A comparative study of the evolution of the diameter and depth of the ablated craters, while varying systematically both pulse energy and spot size is reported. It reveals that the surface ablation threshold fluences double-checked by the diameter-regression method and a multiphoton-absorption-based fit show a clear dependence on the radius of the processing laser beam on the BK7 optical glass surface. Tighter focusing results in a rise from 6.5 J/cm2 up to nearly 11 J/cm2 within the 26.1–10.1 µm radius domain. The evolution of the time-integrated energy of the reflected part of every single pulse with rising pulse energy indicates three types of the optical response of the material, depending on the actual energy of the processing pulse.

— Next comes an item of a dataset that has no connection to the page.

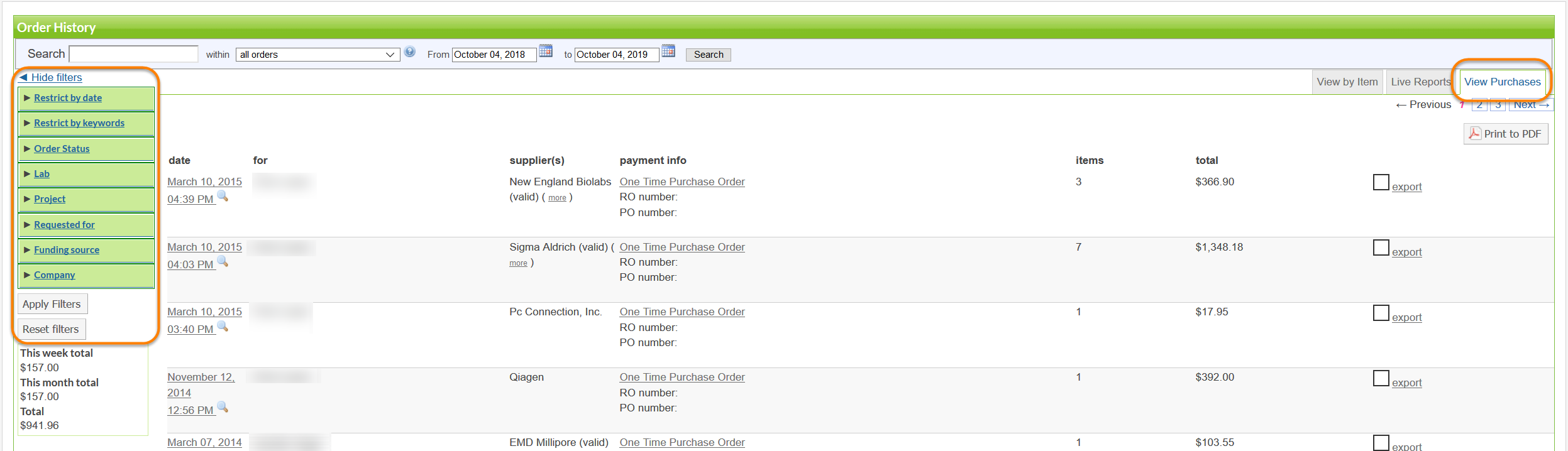 You can also view previous orders by first clicking Order History, and then clicking on the View Purchases tab. To further narrow your results, use the filters.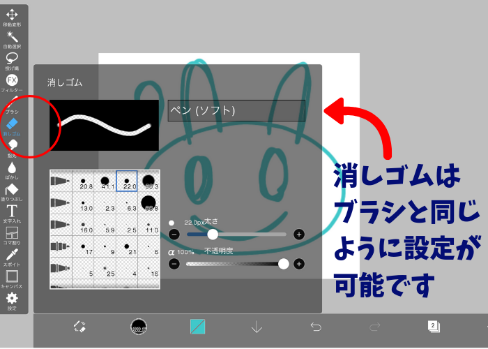 「ブラシ」の設定と、「消しゴム」の設定は別々で記憶します。

At the threshold where the first and second section join, which shifts to lower pulse energies with decreasing spot size, the initial reflectivity, assigned to the permanent reflectivity of the BK7 glass, suddenly increases. This rise indicates plasma mirror formation on the target surface. The dependence of the reflectivity enhancement and the ablation thresholds on spot size is very similar. The values remain equal for spot radii at and above 13.5 µm, followed by a rise with decreasing spot size. This reveals that the plasma mirror formation could be affirmed as the dominant process behind the spot size dependence of the ablation thresholds in our case. The appearance of double-crater structures is consistent with the evolution of air ionization, resulting in lower reflectivity at the highest energies. This assignment is further corroborated by proving that the surface defect model could hardly be accounted for the results. The findings support the consideration of the spot size as a control parameter.